We find ourselves so consumed with crafting a post that lets other people know what a great time we're having, that we forget to actually enjoy the company and beauty that really is around us.
We let reality slip away while staring at a two inch screen.
It's time we started facing the problems we are creating for ourselves by succumbing to the lures of social media and the thrill of the selfie. The internet is an incredible resource, but it's all too easy to fall prey to obsession, which is when it becomes unhealthy.

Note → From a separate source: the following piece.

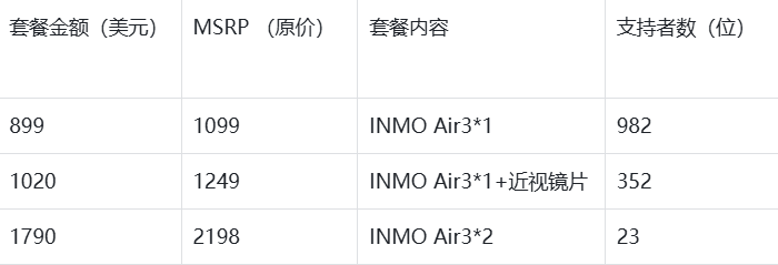 为覆盖不同用户的预算与需求,INMO AIR3在众筹期间推出三档梯度化套餐,降低用户决策门槛。
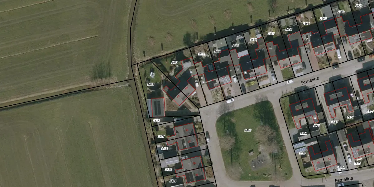 Het perceel waarop Ermeline 43 staat heeft een oppervlakte van 443 m². Dit is een groot perceel. De perceeloppervlakte wordt geregistreerd door het Kadaster. Gedetailleerde informatie over de maten van dit perceel kunt u vinden in het rapport Kadastrale kaart met maatvoering van Ermeline 43.

Sometimes I wonder what Jesus would have done if he lived in an age of camera phones. Would he have tweeted photos of himself hanging out by the water's edge, having a few glasses of wine at the wedding at Cana, or standing next to that tree with the caption "I think someone's up there, LOL"? Somehow I can't imagine it, because he always favoured intimate relationship over self-promotion.
He withdrew from the crowds and spent time with God alone.
He told servants at the wedding to hide the fact that he had performed a miracle.
He invited Zacchaeus down from the tree and even had dinner with him, well aware that it would damage his own reputation.
You see, Jesus wasn't that concerned with holding up a reputation at all. In fact, he had a pretty bad image in the eyes of many people of his day. He was eventually killed because of it.
I get the impression that Jesus cared far more that the people he met felt loved and valued, than about crafting a shiny image of himself. And even though the Bible suggests he wasn't particularly good-looking, I'm not convinced he would have agonised over filters.
The Bible also describes Jesus as a man of sorrows who had nothing to attract us to him, and yet, attract us he does, two millennia after his thoroughly unglamorous, unenviable death on a cross.
My intention is not to criticise those who post photos of themselves because, I must admit, I am a recent convert to Snapchat, and I'm sure the hundreds of photos floating around cyberspace will one day come back to bite me in the belfie.
But I think it is important to consider the place of significance that we allow self-promotion to have in our lives, and the ramifications it's having on our ability to build effective community.
Jesus calls us to die to ourselves; perhaps it's time we die to our selfies too.